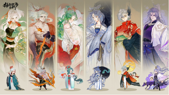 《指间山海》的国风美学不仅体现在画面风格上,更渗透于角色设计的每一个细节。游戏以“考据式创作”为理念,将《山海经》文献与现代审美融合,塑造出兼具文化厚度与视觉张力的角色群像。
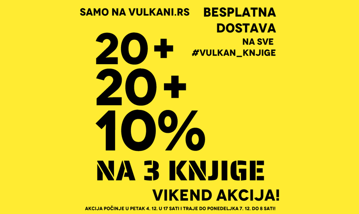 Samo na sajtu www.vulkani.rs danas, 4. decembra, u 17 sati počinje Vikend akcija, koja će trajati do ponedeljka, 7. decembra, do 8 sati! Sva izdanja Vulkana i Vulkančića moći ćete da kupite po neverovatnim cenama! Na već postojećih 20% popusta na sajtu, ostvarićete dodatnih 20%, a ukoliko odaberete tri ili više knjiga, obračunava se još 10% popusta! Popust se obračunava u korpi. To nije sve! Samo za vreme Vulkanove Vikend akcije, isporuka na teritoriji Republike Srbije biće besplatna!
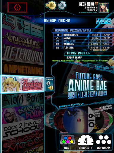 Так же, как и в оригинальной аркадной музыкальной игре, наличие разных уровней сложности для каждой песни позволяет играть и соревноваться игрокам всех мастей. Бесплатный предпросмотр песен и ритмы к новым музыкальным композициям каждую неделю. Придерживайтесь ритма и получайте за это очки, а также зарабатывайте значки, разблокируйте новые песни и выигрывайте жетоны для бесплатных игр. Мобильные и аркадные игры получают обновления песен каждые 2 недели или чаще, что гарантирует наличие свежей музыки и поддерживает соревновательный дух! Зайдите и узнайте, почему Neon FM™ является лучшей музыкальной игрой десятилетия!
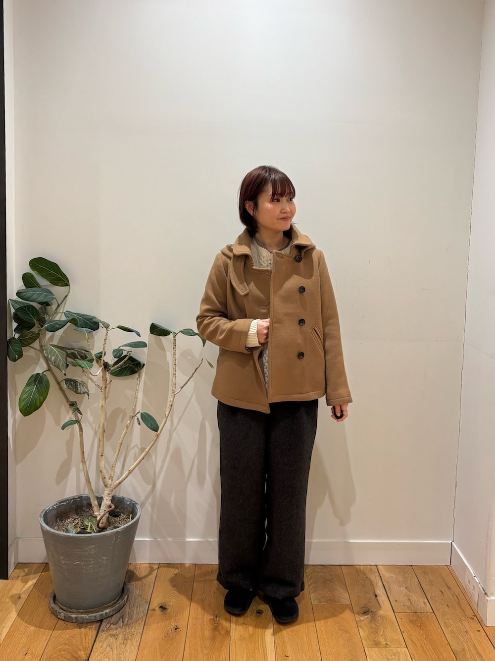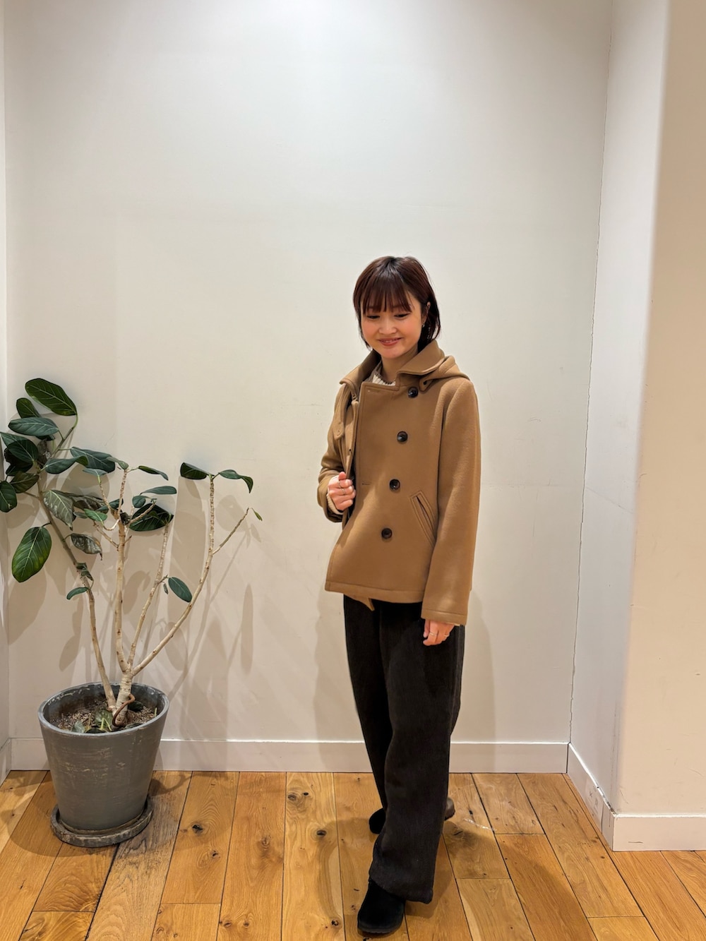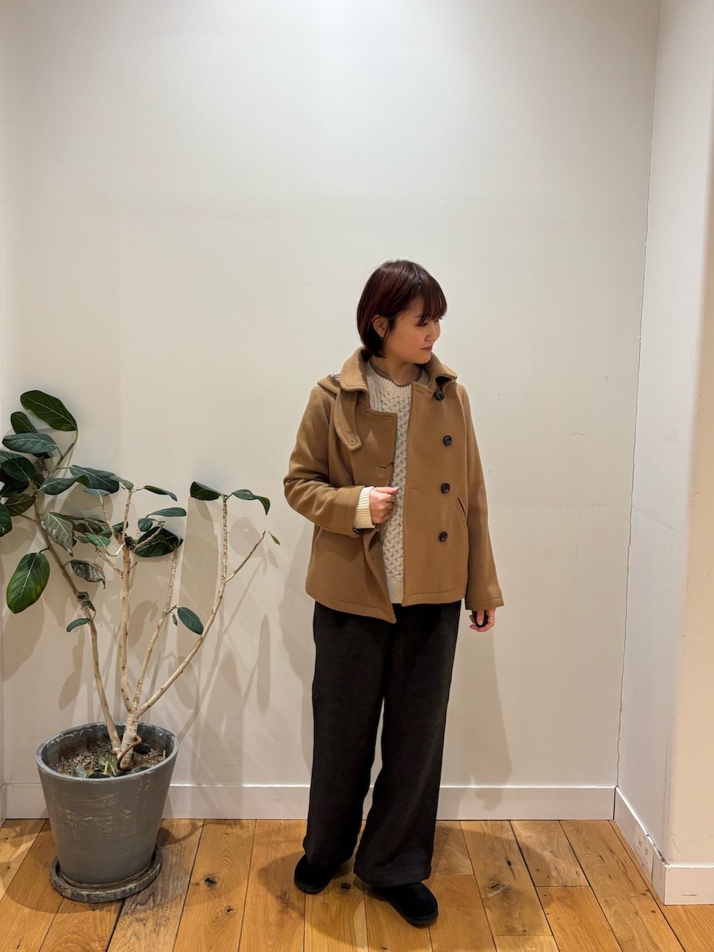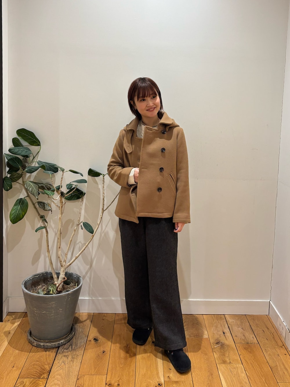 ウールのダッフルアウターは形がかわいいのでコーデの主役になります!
▬▬▬▬▬▬▬▬▬▬
▶ **EXERCISE OBJECTIVE**: Repeat the listing above up to and including the line with "Samo na sajtu", starting from its first line. Drop any pictures.

▶ **EXPECTED ANSWER**:
 《指间山海》的国风美学不仅体现在画面风格上,更渗透于角色设计的每一个细节。游戏以“考据式创作”为理念,将《山海经》文献与现代审美融合,塑造出兼具文化厚度与视觉张力的角色群像。
 Samo na sajtu www.vulkani.rs danas, 4. decembra, u 17 sati počinje Vikend akcija, koja će trajati do ponedeljka, 7. decembra, do 8 sati! Sva izdanja Vulkana i Vulkančića moći ćete da kupite po neverovatnim cenama! Na već postojećih 20% popusta na sajtu, ostvarićete dodatnih 20%, a ukoliko odaberete tri ili više knjiga, obračunava se još 10% popusta! Popust se obračunava u korpi. To nije sve! Samo za vreme Vulkanove Vikend akcije, isporuka na teritoriji Republike Srbije biće besplatna!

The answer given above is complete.